>>>

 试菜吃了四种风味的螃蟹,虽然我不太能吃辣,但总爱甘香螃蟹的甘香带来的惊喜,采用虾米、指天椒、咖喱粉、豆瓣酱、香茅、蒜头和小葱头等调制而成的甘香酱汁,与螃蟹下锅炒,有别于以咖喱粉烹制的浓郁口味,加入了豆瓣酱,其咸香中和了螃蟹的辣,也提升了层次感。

<<<
>>>

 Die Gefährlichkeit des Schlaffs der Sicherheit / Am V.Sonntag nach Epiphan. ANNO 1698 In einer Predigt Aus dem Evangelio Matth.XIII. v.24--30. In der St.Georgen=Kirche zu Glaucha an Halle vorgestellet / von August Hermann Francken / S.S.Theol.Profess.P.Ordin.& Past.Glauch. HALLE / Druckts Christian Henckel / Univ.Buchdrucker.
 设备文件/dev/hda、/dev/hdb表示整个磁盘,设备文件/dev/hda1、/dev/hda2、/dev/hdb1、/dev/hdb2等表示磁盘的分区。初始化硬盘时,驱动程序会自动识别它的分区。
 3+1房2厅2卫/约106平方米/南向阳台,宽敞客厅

<<<

## [TO DO]
Print, without alteration, only the lines above between the one holding "Die Gefährlichkeit des" and the one holding "3+1房2厅2卫/约106平方米/南向阳台,宽敞客厅", inclusive.

## [YOUR SOLUTION]
 Die Gefährlichkeit des Schlaffs der Sicherheit / Am V.Sonntag nach Epiphan. ANNO 1698 In einer Predigt Aus dem Evangelio Matth.XIII. v.24--30. In der St.Georgen=Kirche zu Glaucha an Halle vorgestellet / von August Hermann Francken / S.S.Theol.Profess.P.Ordin.& Past.Glauch. HALLE / Druckts Christian Henckel / Univ.Buchdrucker.
 设备文件/dev/hda、/dev/hdb表示整个磁盘,设备文件/dev/hda1、/dev/hda2、/dev/hdb1、/dev/hdb2等表示磁盘的分区。初始化硬盘时,驱动程序会自动识别它的分区。
 3+1房2厅2卫/约106平方米/南向阳台,宽敞客厅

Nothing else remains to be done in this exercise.